■ **Given data**
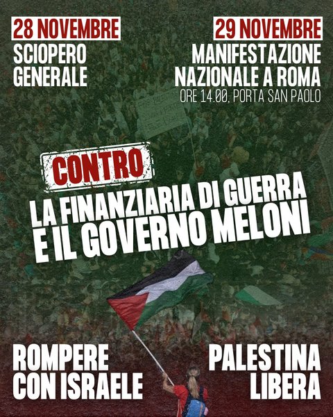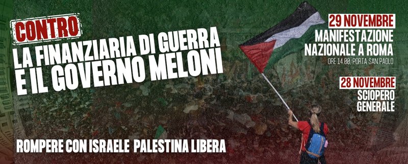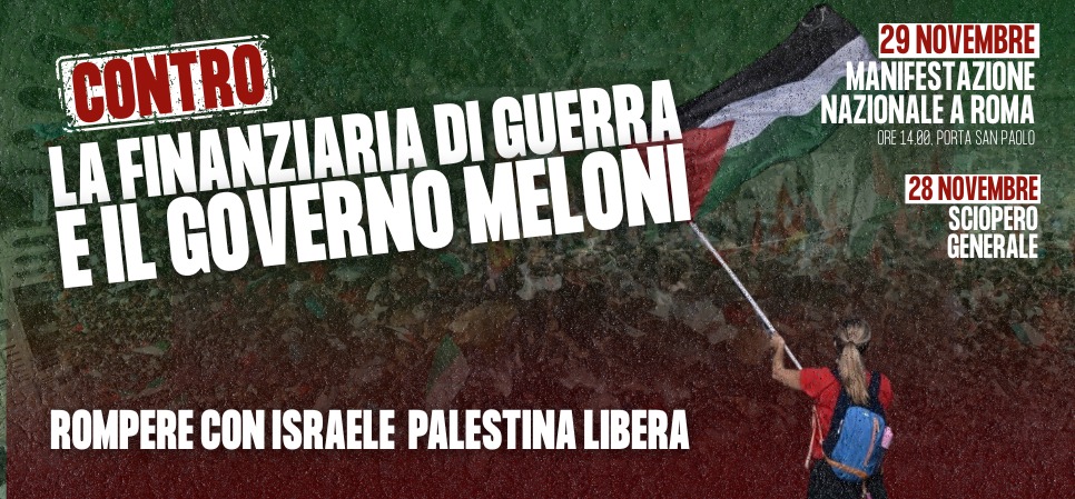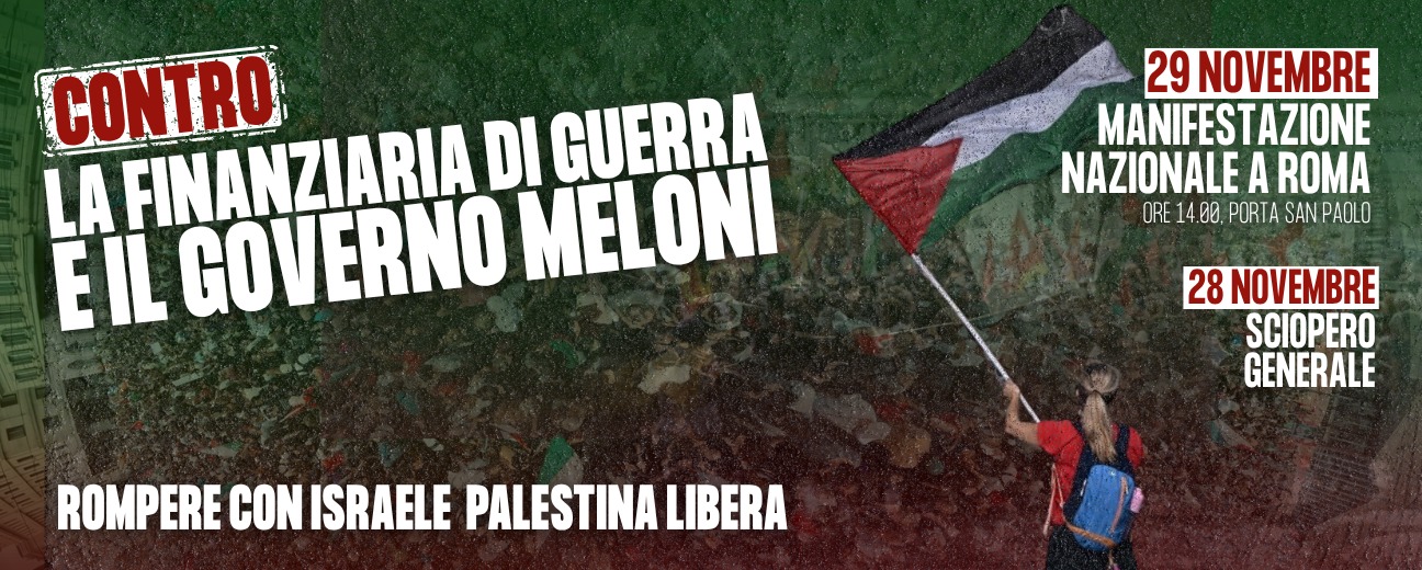 Contro la finanziaria di guerra e il Governo Meloni, rompere con Israele, Palestina libera: 28 novembre Sciopero Generale, 29 novembre manifestazione nazionale a Roma ore 14.00 Porta San Paolo
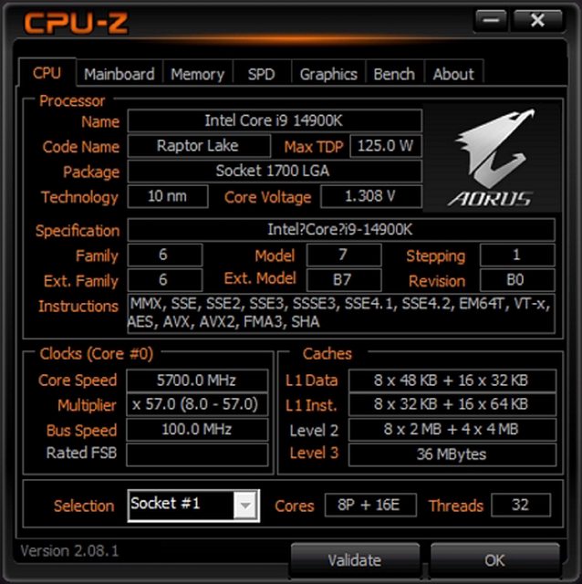 Core i9-14900K 全核 5.7G 工作電壓 1.3V
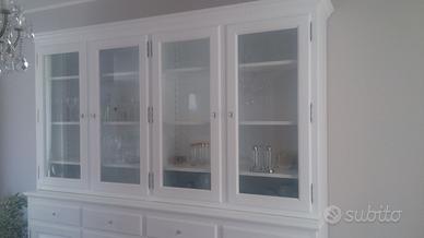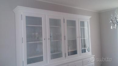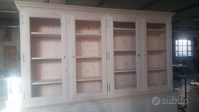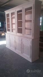 Credenza con alzata in abete massello spazzolato con misure misura lungh. 260 prof. 50 base alzata 35 circa h 240 totale h credenza circa 105 alzata 130/135 circa. predisposta la base con 4 ante costruite con telaio e pannello inserito posteriormente, si apriranno su cerniere in stile non ammortizzate con chiave e serratura, internamente troveremo 1 ripiano aggiustabile in abete. Sopra alle ante troveremo 4 cassetti che scorreranno su guide ammortizzate in chiusura e si apriranno con pomello con pietra swaroski, interno cassetto in abete con sponde da 18 e fondo da 14. Alzata predisposta con 4 ante che avranno inserite vetro trasparente e si apriranno sempre con cerniere in stile e con 3 ripiani interni spessore 2.4 cm con legno inserito alle estremità per dare robustezza al tutto e non si incurvino aggiustabili con scalette cremagliera, costruite con telaio e la chiusura ad asta con chiave in modo che restino dritte nel tempo. completo di zoccolo chiuso sottostante con varie modanature e di gambette livellatrici nascoste dietro lo zoccolo e smontabile per il trasporto tramite ferramenta adatta con spine in legno barilotti con perni. tutto laccato coprente poro aperto spazzolato rall 9010. nel prezzo è compreso vetri pomelli swaroski e laccatura ral 9010 franco fabbrica completo di imballo iva non comprensiva. Competenza serietà ed esperienza nel settore del mobile ci contraddistinguono dal resto dei venditori. ordinata su commissione e non è in pronta consegna ma essendo i diretti produttori possiamo costruirla uguale o modificando misure e finiture. In quanto siamo i diretti PRODUTTORI FALEGNAMI. su questo modello sono stati realizzati negozio parafarmacia, negozio bio e alimentare pane e salumi. Per qualsiasi altra informazione non esitate a contattarci. ASTENERSI RIVENDITORI E COMMERCIANTI

■ **Work required**
Exactly as written, copy out the listing, but without any pictures.

■ **Task result**
 Contro la finanziaria di guerra e il Governo Meloni, rompere con Israele, Palestina libera: 28 novembre Sciopero Generale, 29 novembre manifestazione nazionale a Roma ore 14.00 Porta San Paolo
 Core i9-14900K 全核 5.7G 工作電壓 1.3V
 Credenza con alzata in abete massello spazzolato con misure misura lungh. 260 prof. 50 base alzata 35 circa h 240 totale h credenza circa 105 alzata 130/135 circa. predisposta la base con 4 ante costruite con telaio e pannello inserito posteriormente, si apriranno su cerniere in stile non ammortizzate con chiave e serratura, internamente troveremo 1 ripiano aggiustabile in abete. Sopra alle ante troveremo 4 cassetti che scorreranno su guide ammortizzate in chiusura e si apriranno con pomello con pietra swaroski, interno cassetto in abete con sponde da 18 e fondo da 14. Alzata predisposta con 4 ante che avranno inserite vetro trasparente e si apriranno sempre con cerniere in stile e con 3 ripiani interni spessore 2.4 cm con legno inserito alle estremità per dare robustezza al tutto e non si incurvino aggiustabili con scalette cremagliera, costruite con telaio e la chiusura ad asta con chiave in modo che restino dritte nel tempo. completo di zoccolo chiuso sottostante con varie modanature e di gambette livellatrici nascoste dietro lo zoccolo e smontabile per il trasporto tramite ferramenta adatta con spine in legno barilotti con perni. tutto laccato coprente poro aperto spazzolato rall 9010. nel prezzo è compreso vetri pomelli swaroski e laccatura ral 9010 franco fabbrica completo di imballo iva non comprensiva. Competenza serietà ed esperienza nel settore del mobile ci contraddistinguono dal resto dei venditori. ordinata su commissione e non è in pronta consegna ma essendo i diretti produttori possiamo costruirla uguale o modificando misure e finiture. In quanto siamo i diretti PRODUTTORI FALEGNAMI. su questo modello sono stati realizzati negozio parafarmacia, negozio bio e alimentare pane e salumi. Per qualsiasi altra informazione non esitate a contattarci. ASTENERSI RIVENDITORI E COMMERCIANTI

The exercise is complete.